//超市每天卖出的货物假如有egg,apple,pear三种,销售账目存储在了字典里,如下:
//account = [{"egg":[5.00, 3, "s"],
//"apple":[2.50, 5, "s"],
//"pear":[4.50, 2, "s"]},
//{"egg":[6.00, 3, "s"],
//"apple":[3.00, 15, "q"],
//"pear":[6.50, 2, "s"]},
//{"egg":[5.50, 5, "s"],
//"apple":[3.50, 5, "s"],
//"pear":[5.00, 6, "q"]},
//{"egg":[5.00, 3, "s"],
//"apple":[2.50, 6, "s"],
//"pear":[5.50, 2, "q"]},
//{"egg":[5.50, 8, "q"],
//"apple":[3.50, 5, "s"],
//"pear":[5.50, 3, "s"]}]
//每天的账目是列表中的一个元素,包括一个字典,字典的键是货物名称,字典的值的第一个元素是单价,
//第二个元素是数目,第三个元素,如果是s表示该账目没有任何疑问,如果是q表示该账目可能有错误。

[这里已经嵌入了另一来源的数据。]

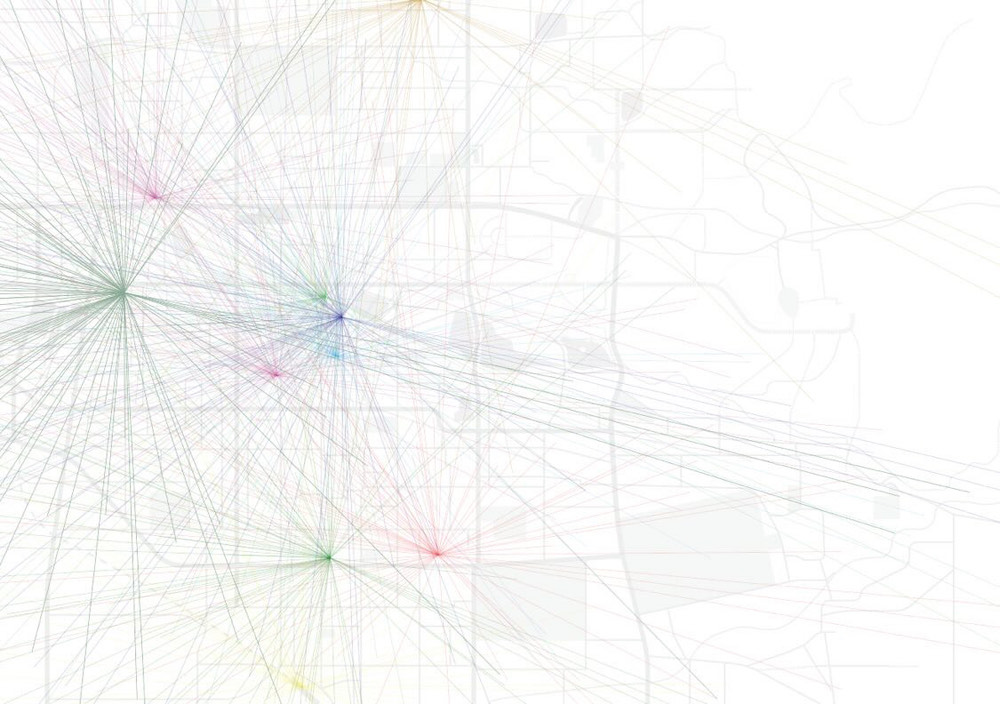 街の中にゆるくつながれる場所が点在し、そのゆるやかなつながりが街をまとっている様子を描いた藤岡さんの設計図。「つながり」は実際には目に見えないが、カラフルに軽やかに、街を彩っている。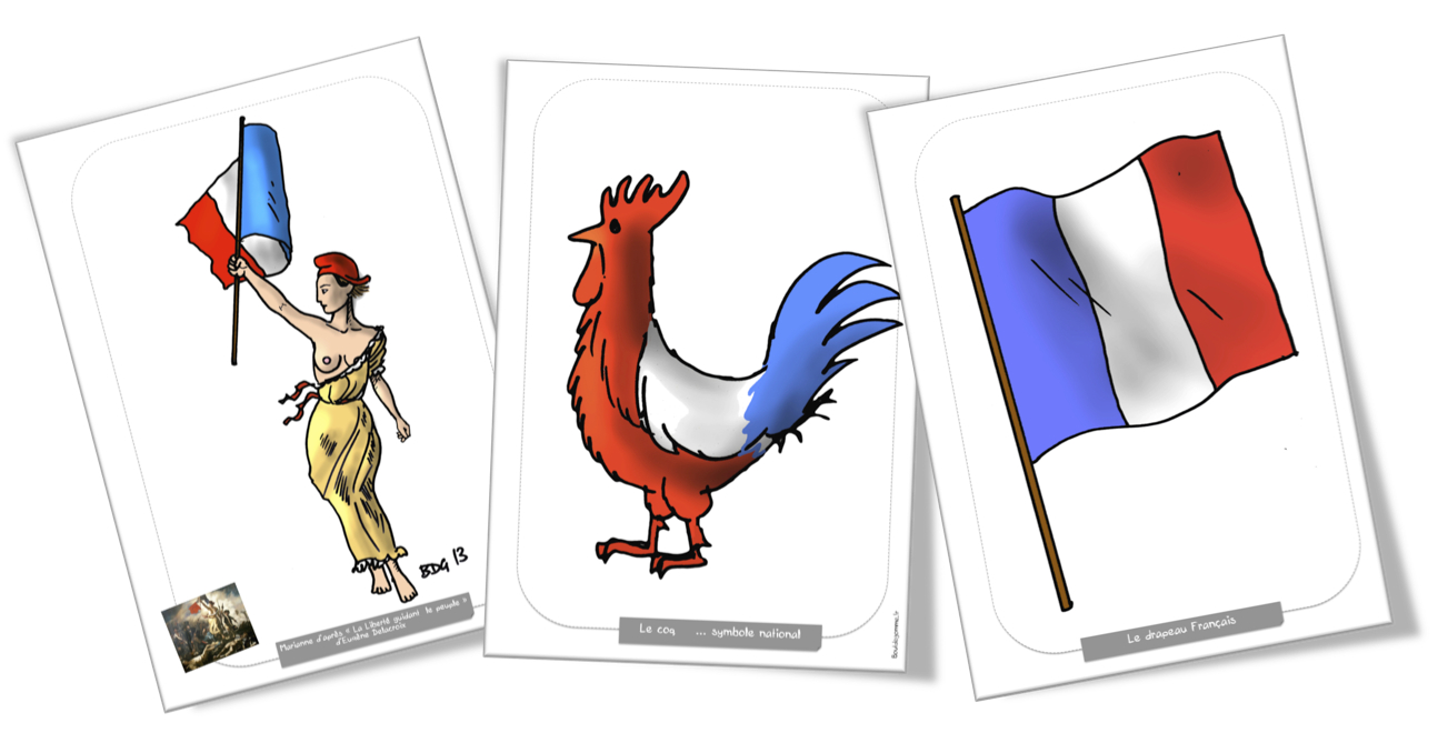 پرچم سه رنگ آبی، سفید و قرمز یکی دیگر از نمادهای فرانسه است که بصورت عمودی کنار هم قرار گرفتهاند. رنگ آبی بنابر افسانهها روپوش یا شنل مارتین مقدس بوده است. سفید رنگ منتخب شاهان فرانسوی و قرمز رنگ درفش جنگی عدالت کارل کبیر بوده است.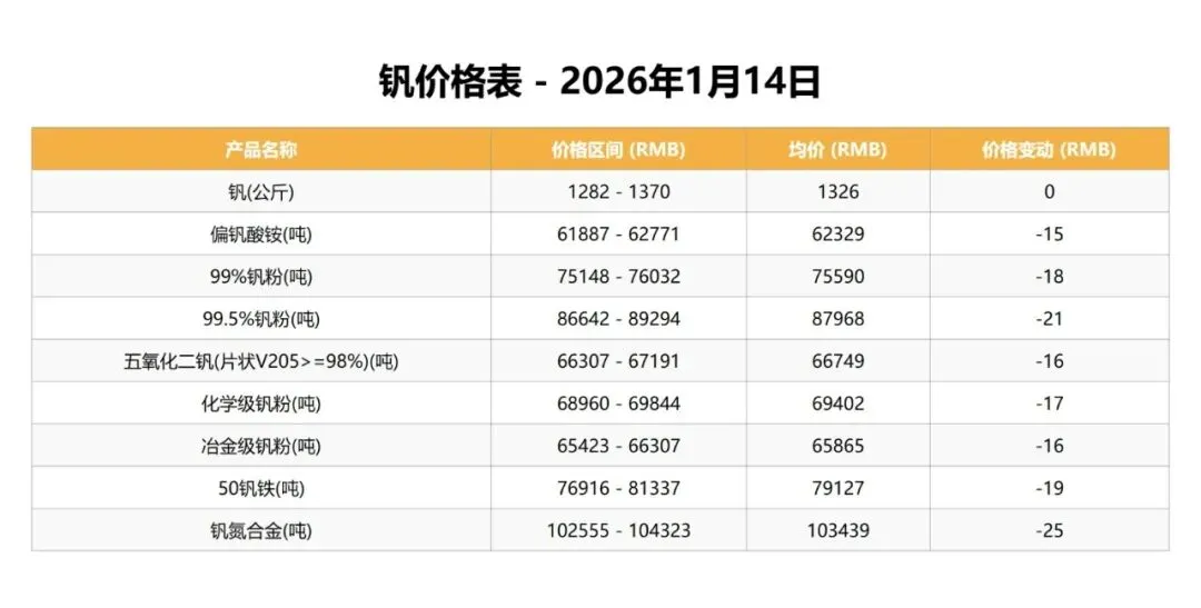 今日钒产品价格普遍小幅下跌,绝大多数产品价格延续微幅下调。钛产品市场表现分化,上游原料及部分化工产品价格微跌,但海绵钛价格则出现显著上涨。整体来看,钒市场维持弱势调整,钛市场则呈现结构性行情,部分品种逆市走强。钒荣网旨在汇聚钒钛产业链上下游企业,钒荣网将通过资讯浏览推送、“双碳”产业、在线交易推广、技术成果转让、产业金融、钒产业指数、行业标准会议会展、咨询服务数据报告等功能板块,为钒储能上下游企业提供商机对接、行业资讯、产业金融、市场拓展、名企研学、品牌宣传、数据服务、专属顾问等服务。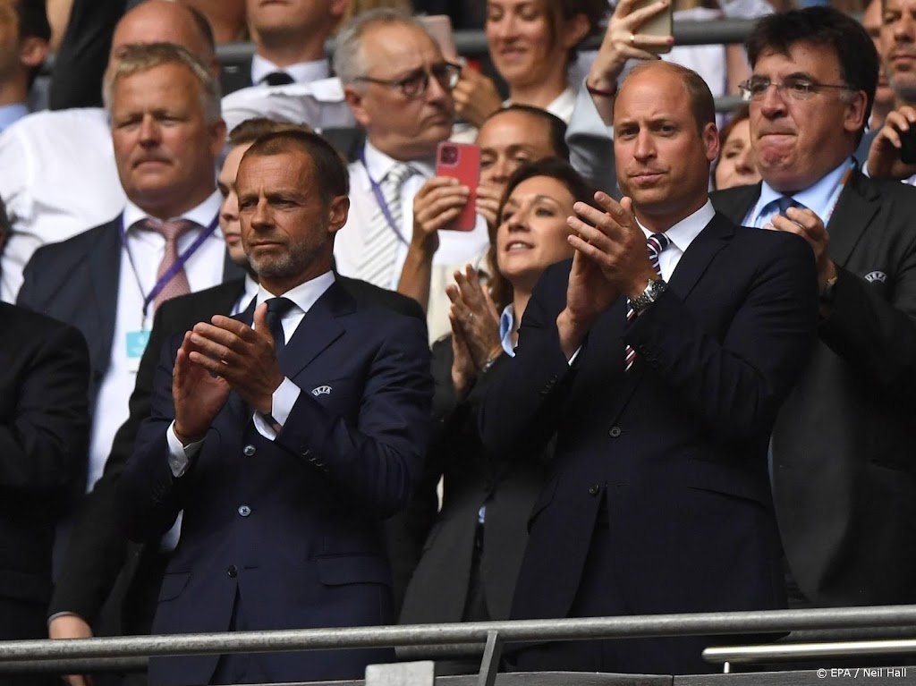 Prins William is zonder zijn familie bij de finale van het EK voetbal voor vrouwen in het Londense Wembley Stadium. Op beelden is te zien dat de prins op de tribune zit, omringd door andere personen. De Britse voetbalsters spelen zondagavond de beslissende wedstrijd tegen Duitsland in het stadion.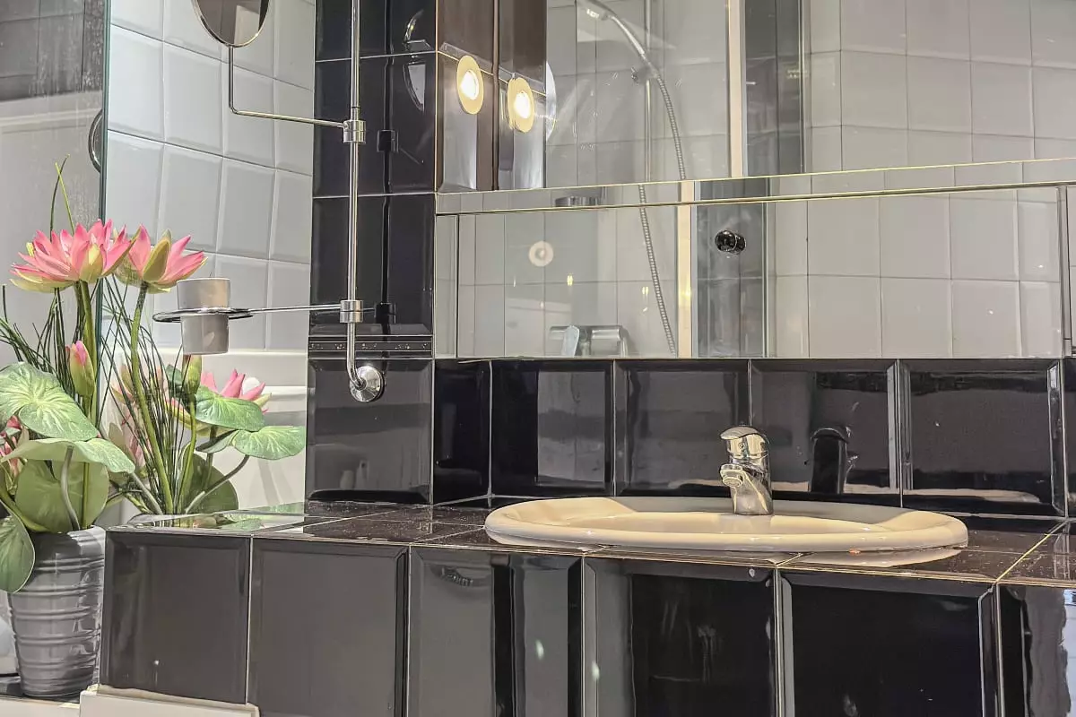 - a beautiful bathroom with bathtub: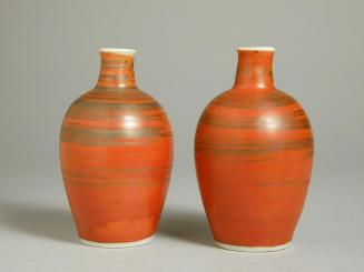DescriptionThin silver brushed enamel on red enamel. Gray-white ground interior & exteriorStatus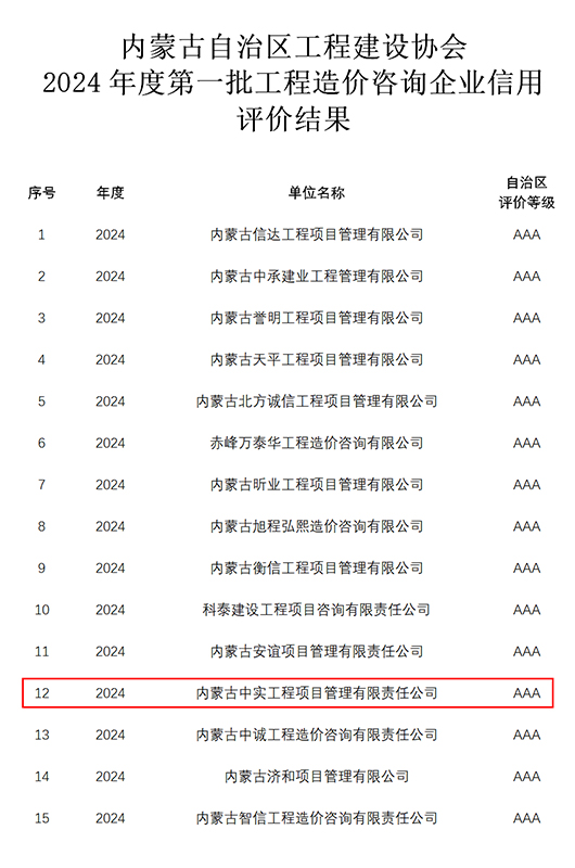 2024-07-3016809 次近期,我公司参加内蒙古自治区工程建设协会组织的“2024年度第一批工程造价咨询企业信用”申报,获得“信用AAA级证书”。我公司成立多年以来,遵循中国工程造价管理协会对造价咨询企…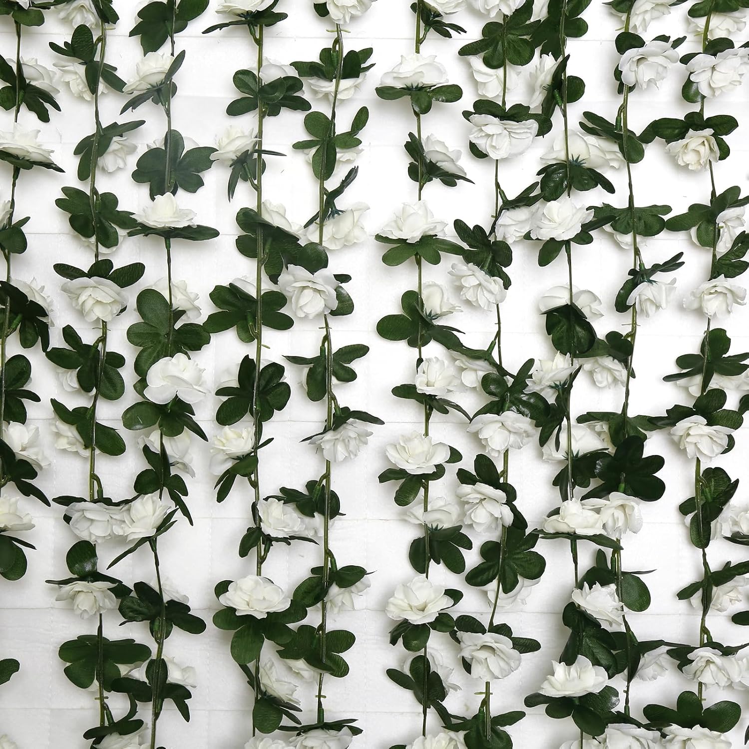 - Packaging: Includes 12 artificial flower garland, each with 45 white silk roses and 45 leaves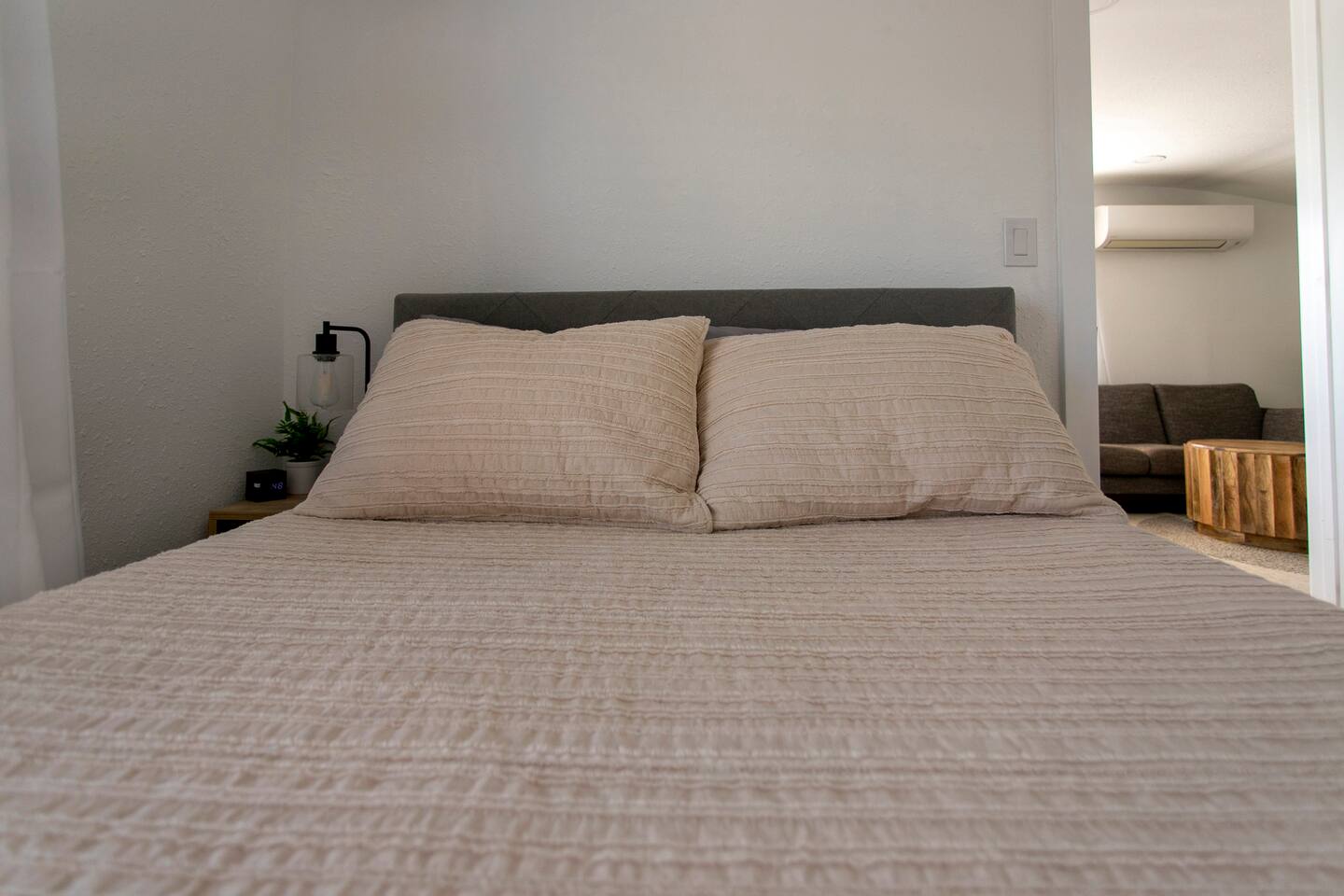 The pull-out couch is a good fit for two children. The house has a mini-split HVAC system, providing both heat and A/C. Also there are electric wall heaters in each room to take the edge off of those cold winter nights. Please note, this house is right on the main road, so there is road noise. White noisemakers are provided to help cover the noise.

//我们要做的是事情是统计每种货物,没有任何疑问的账目的销售总额。也就是对标志位为"s"的账目,
//按照货物名称,计算销售总额。(自己可根据使用的编程语言,确定存储结构,最后结果在屏幕打印
//egg、apple和pear分别的没有任何疑问的帐目的销售总额就可以。)
#include"iostream"
#include"string"
using namespace std;
class Account
{
private:
string name;
double price;
float number;
char flag;
public:
Account(string goodsname, double goodsprice, float goodsnumber, char goodsflag)
{
name = goodsname;
price = goodsprice;
number = goodsnumber;
flag = goodsflag;
}
double getTotalPrice()
{
return price*number;
}
string getName()
{
return name;
}
char getFlag()
{
return flag;
}
};
int main()
{
Account accounts[15] = {
Account("egg",5.00,3,'s'),
Account("apple",2.50,5,'s'),
Account("pear",4.50,2,'s'),
Account("egg",6.00,3,'s'),
Account("apple",3.00,15,'q'),
Account("pear",6.50,2,'s'),
Account("egg",5.50,5,'s'),
Account("apple",3.50,5,'s'),
Account("pear",5.00,6,'q'),
Account("egg",5.00,3,'s'),
Account("apple",2.50,6,'s'),
Account("pear",5.50,2,'q'),
Account("egg",5.50,8,'q'),
Account("apple",3.50,5,'s'),
Account("pear",5.50,3,'s')};
string names[3] = {"egg", "apple", "pear"};
int i=0;
int j;
double count=0;
for(i=0; i<3; i++)
{
count = 0;
for(j=0; j<15; j++)
{
if((accounts[j].getName() == names[i]) && (accounts[j].getFlag() == 's'))
{
count = count + accounts[j].getTotalPrice();
}
}
cout<<names[i]<<"的总价是:"<<count<<endl;
}
return 1;
}